The picture of fear and loathing in the suburban communities of Ireland was first painted by a woman named "Siobhán," who came on Radio One's Brenda Power Show to describe eight years of abuse, intimidation and violence inflicted on her by neighbours in a north Co Dublin housing estate.
The stand-out incident in her saga was the one in which she woke one morning at 6.45 a.m., turned on her bedroom light and lay down again just in time to avoid the bullet that came through the window. She was told it might have been an accident - and it might - but her experience suggested otherwise. Her house had been targeted with bottles, stones, excrement, and rotten eggs. The bullet was only an escalation of the hostilities.
There were some injuries down the years. Her son had been stabbed in the hand and her dog had survived a poisoning attempt only because he was trained not to touch food from strangers - in this case sausages laced with antifreeze and flung over the garden wall. The dog's reprieve was short-lived. He had his eye injured by a stone, and was put down.
A more subtle tactic of Siobhán's tormentors was the hoax call-out. One night she had 10 of them, ranging from taxis and pizza delivery to the emergency services, all in the space of 90 minutes.
Gardaí told her to change her phone after conversations were recorded and 50 tapes made for distribution around the estate. On Garda advice she installed a CCTV camera, trained on her own garden, but the hostility of neighbours to the idea was such that she took it down.
Her enemies were presumed to be among the young people, aged from seven or eight to early 20s, who hung around the streets late into the night while "their parents are in the pub".
Garda resources were scarce, and other avenues were now being suggested. One man on the estate was talking about vigilantes, and someone had offered Siobhán a gun: "I wouldn't hesitate in using it at this stage. It's a very sad thing to say, but it's the truth. If I had a gun in my possession I would probably use it, because I've been driven so far, for so long."
Listening to her story, you couldn't help wondering if she had done something to bring this about. The experiences of others suggested she had - by complaining in the first place.
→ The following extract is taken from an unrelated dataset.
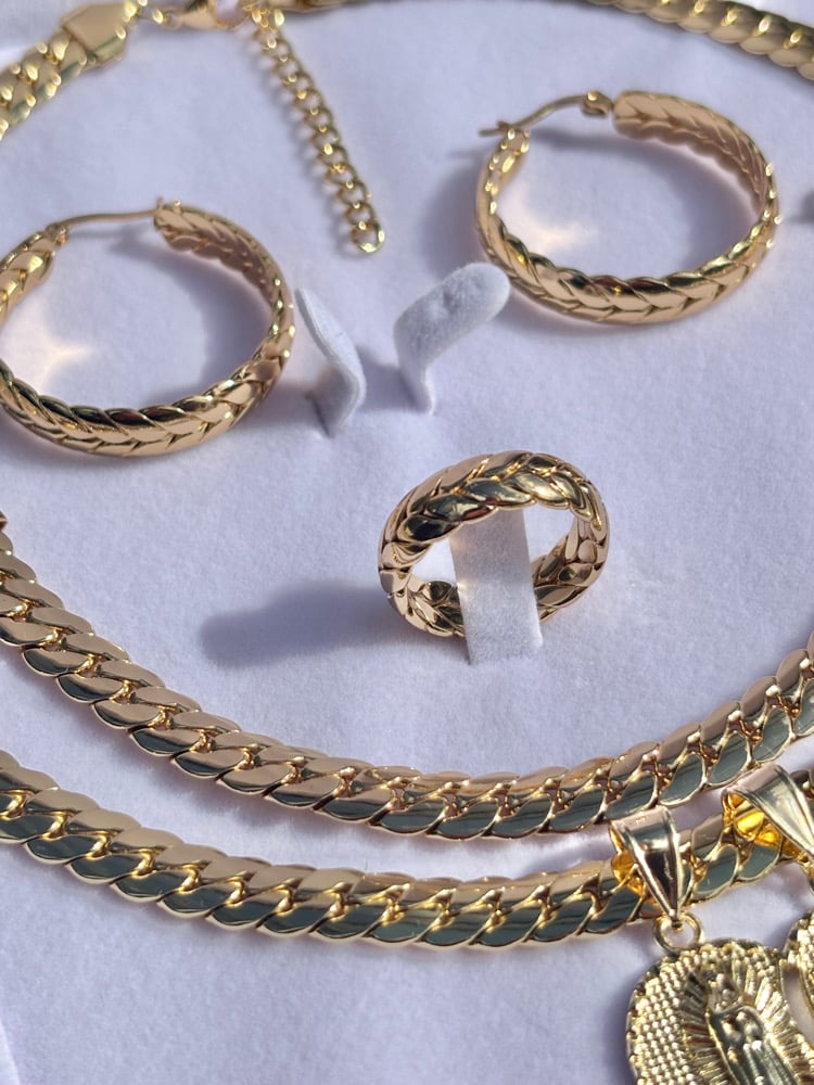 Fall in love with luxury that lasts — this complete 5-piece Cuban link jewelry set includes everything you need for a bold yet feminine statement. Each piece is crafted from durable 316 stainless steel with a rich 14K gold plating for long-lasting shine and everyday wearability.

In the deluge of calls that followed from those with similar stories, a common thread emerged: that the day you said something was the day you were marked out for special treatment.
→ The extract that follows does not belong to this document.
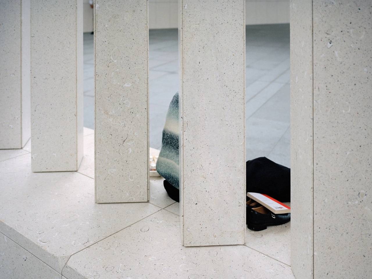 The oyster terrazzo, used across the columns, ceiling and fascia, reinterprets centuries-old architectural traditions of ornamentation through a modern, sustainable lens.
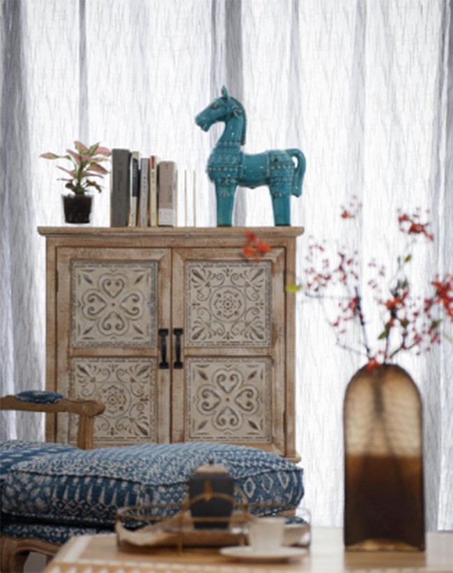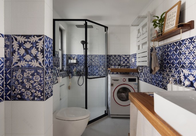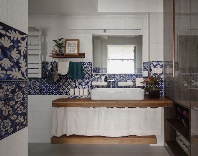 衛(wèi)生間的花磚腰線拉伸的空間的縱深感,淡藍色,白色和原木色的搭配讓人心曠神怡。波普風的藏族花磚,搭配亞麻的純色窗簾,和那些桌面、窗臺、洗手盆、地面的原木色,看上去群魔亂舞實則不經(jīng)意間的隨心而為。

Another serious mistake was owning a corner house, where teenagers gathered in the evenings. Tom rang in with his experiences in Dublin's Terenure - not exactly an urban wasteland. His car bore the brunt of the abuse: windows broken, tyres slashed, paint and, later, paint-stripper thrown, until "the insurance company wrote it off". The Garda response was "very watery". He eventually moved.
It wasn't just Dublin. Mary from Portlaoise was among many with similar tales: stones, eggs, bangers in the letter box, insults on the street. She'd moved, too, and life had improved, but she would still only speak with her voice distorted, to prevent identification.
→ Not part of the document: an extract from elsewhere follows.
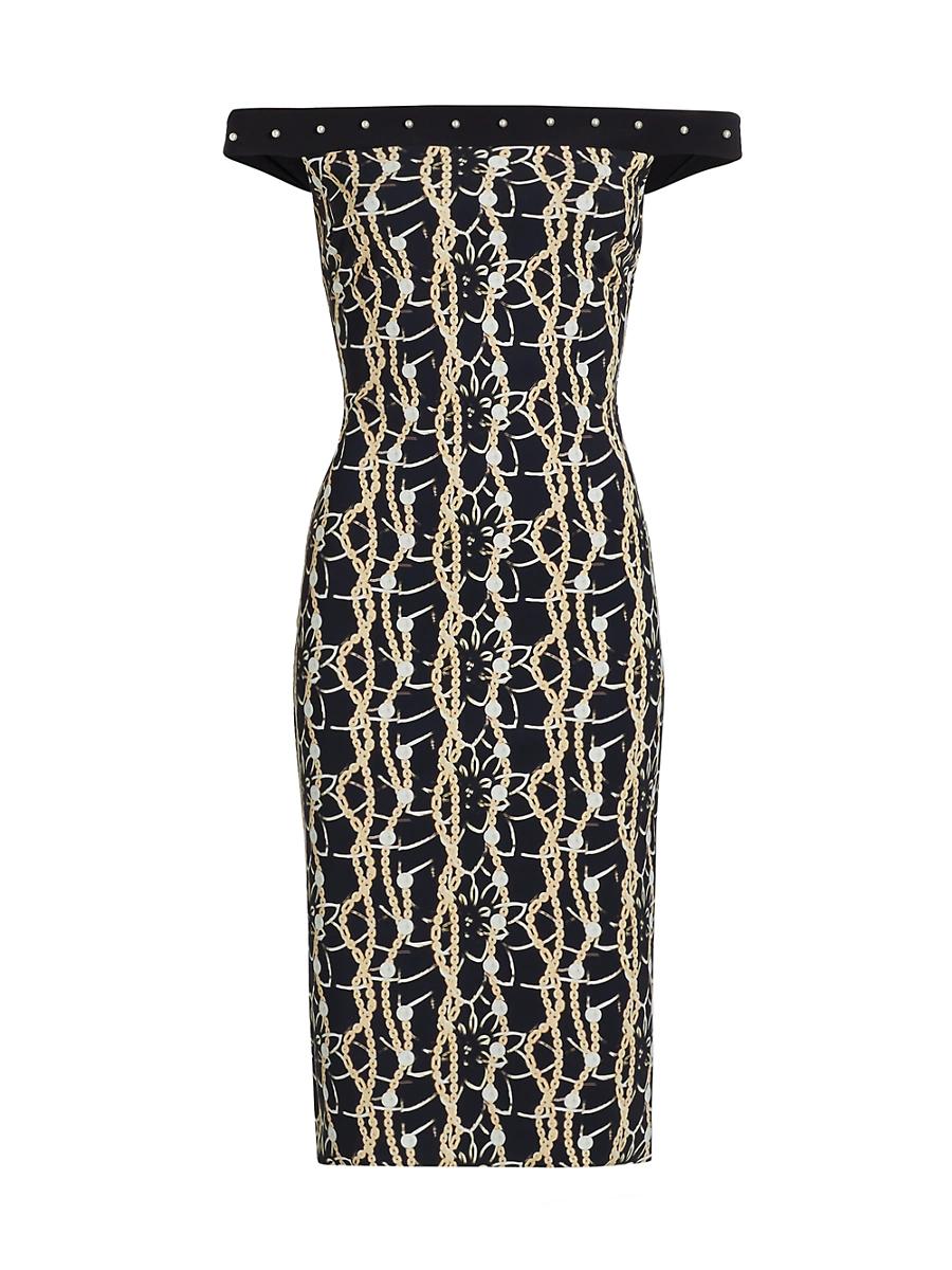 This sleeveless, off-the-shoulder Inger cocktail dress by Chiara Boni La Petite Robe features elegant faux pearl embellishments for a touch of sophistication. Designed without a zipper, this seamless and polished look is finished with a status print. Off-the-Shoulder neck Sleeveless Pulls over 72% nylon/28% elastane Hand wash Made in Italy SIZE & FIT About 37 from shoulder to hem Model measurements: 510 tall Model is wearing a US size 4 ABOUT THE BRAND Self-taught designer Chiara Boni began her career creating ready-to-wear for several Italian labels before launching Chiara Boni La Petite Robe in 2007. With a focus on flattering the female form, her elegant and versatile styles have gained a loyal following. Dress Collections - La Petite Robe Di Chiara > Chiara Boni La Petite Robe > Saks Fifth Avenue > Barneys. Chiara Boni La Petite Robe. Color: Chic Urban. Size: 18.

One man who contacted the programme and has since spoken to The Irish Times had a milder story to tell. He has lived on a private north Dublin estate since 1973. Like most of his neighbours, he's in his 50s with a family reared. But the personality of the estate is changing, he says, because of the Corporation's policy of buying properties to meet its quota for socially affordable housing. The newcomers "all seem to know each other". The latest arrivals are greeted with parties that spill onto the road and go on till 4 a.m. People urinate in alley-ways and leave beer cans behind.
When he protested to the Corporation about its failure to consult residents, he was accused of being "snobby and un-Christian". He insists he's neither: "I left school at 14 and I'm not well off. I broke my neck to pay for this house. I'm 54 now and I'm hoping after I retire I can sell it and it'll get us into a home, or whatever. But now it's being devalued because the word is out that the Corpo is moving into the area. We're doing our best, painting walls and planting flowers . . . and it just seems like the Corpo is knocking us back."